╭─ SOURCE RECORDS

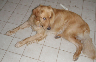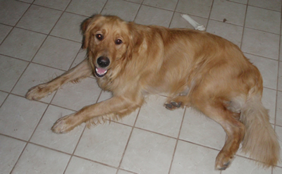Sam is a normal, pretty, well-behaved youngster. He is fabulous with our Goldens, and he lived with another Golden and a couple of mini-doxies at his first home. He loves to retrieve & is very good at letting you have the ball. No jaws of life needed to crank open this guy's mouth! Sleeps peacefully all night and doesn’t pester you to get up too early. As for grooming, well, let’s just say grooming & ear cleaning would appear to have been a rare event in his life. We have trimmed mats mixed in with burs from behind his ears, on his legs, tail, under belly to the extent I had to doublecheck that he was not intact lest I was performing an impromptu neuter with a pair of scissors! He put up with it all.
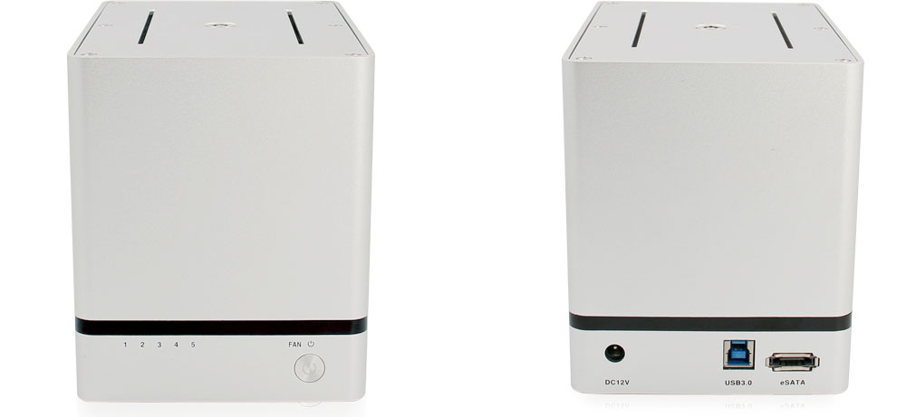 ★ Supports 5pcs 2.5", 12.5mm thickness SATA HDD/SSD, Capacity up to 2TB*5=10TB ★ High quality aluminum frame is fashion and cool ★ Tool less and screw free design make HDD easy to use and maintain ★ USB 3.0 interface can transmit data up to 5Gbps, and USB 2.0/USB 1.1-compatible ★ eSATA interface transmission speed up to 3Gbps ★ Hot swap available ★ Supports Raid Model: RAID 0/1/10/3/5/JBOD/Nor ★ The front-LED indicator shows power and access status, and HDD malfunction ★ 6cm noiseless fan with smart temperature control system makes well heat-dissipation ★ Security system can protect HDD and data from power short circuit ★ RAID software can be downloaded from our website to easily check the RAID status ★ HDDs switching on in sequence design |
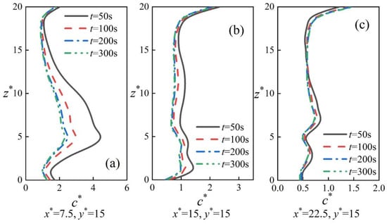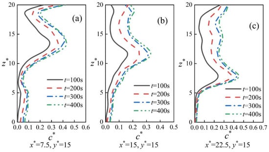 Many factors affect the calculation results of the Lagrangian method, among which the most obvious influence is the calculation time. Therefore, this section first investigates the concentration distributions at different calculation times. Figure 11 shows the concentration distribution at different calculation times. It can be found that when the calculation time is short, such as t = 100 s, the spatial concentration distribution is not continuous, and as time increases, the concentration distribution gradually becomes continuous. Moreover, the change in particle concentration distribution from t = 300 s to t = 400 s is not obvious.
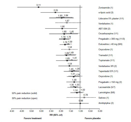 Рисунок 1. Итоговые даннные мета-анализа фармакотерапии различными препаратами нейропатической боли при ДПН
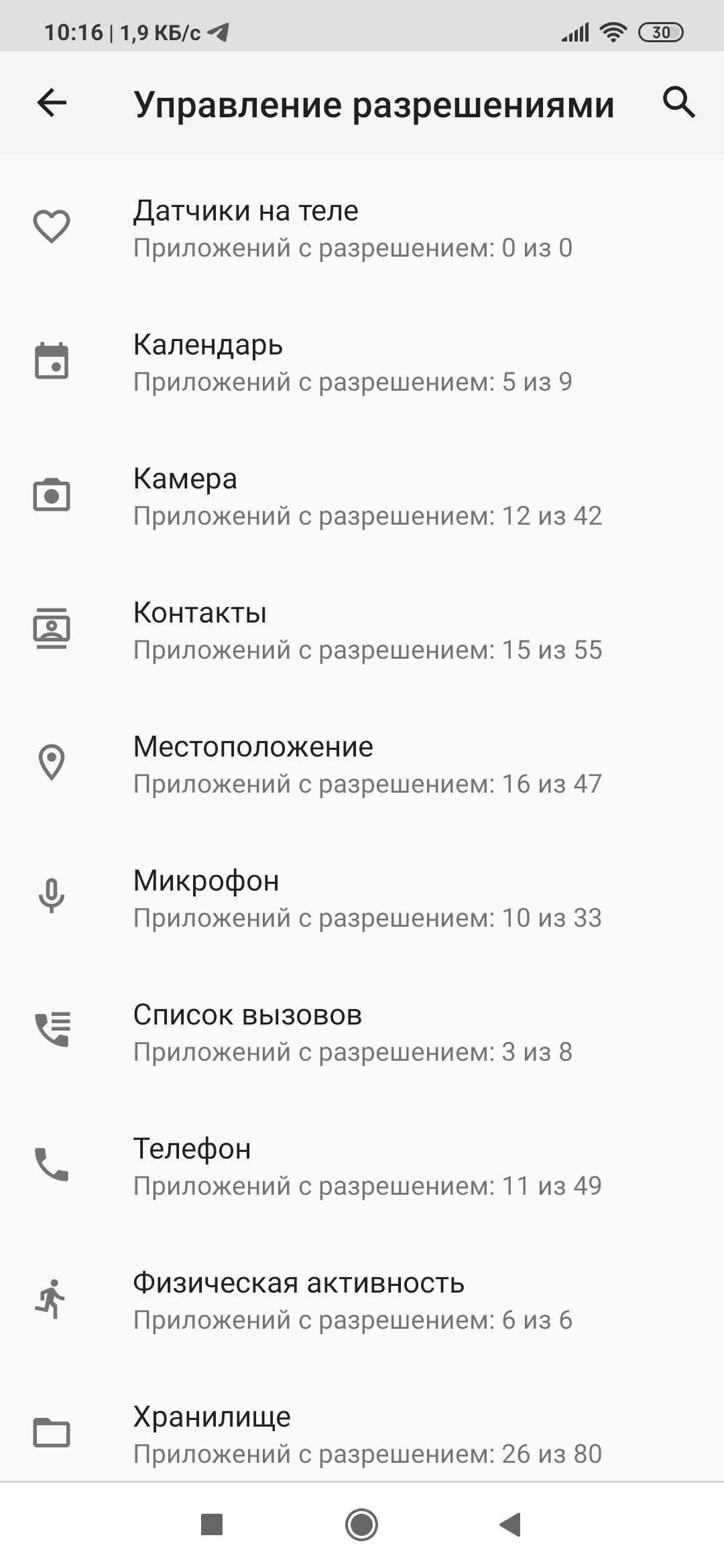 Открывайте приложение, если хотите изменить статус его разрешений по каждому отдельному компоненту:

╰─

TASK - Excluding the pictures, restate word for word the lines from the one that holds "Рисунок 1. Итоговые" through the last line of the entries, both ends included.

REPLY -
 Рисунок 1. Итоговые даннные мета-анализа фармакотерапии различными препаратами нейропатической боли при ДПН
 Открывайте приложение, если хотите изменить статус его разрешений по каждому отдельному компоненту:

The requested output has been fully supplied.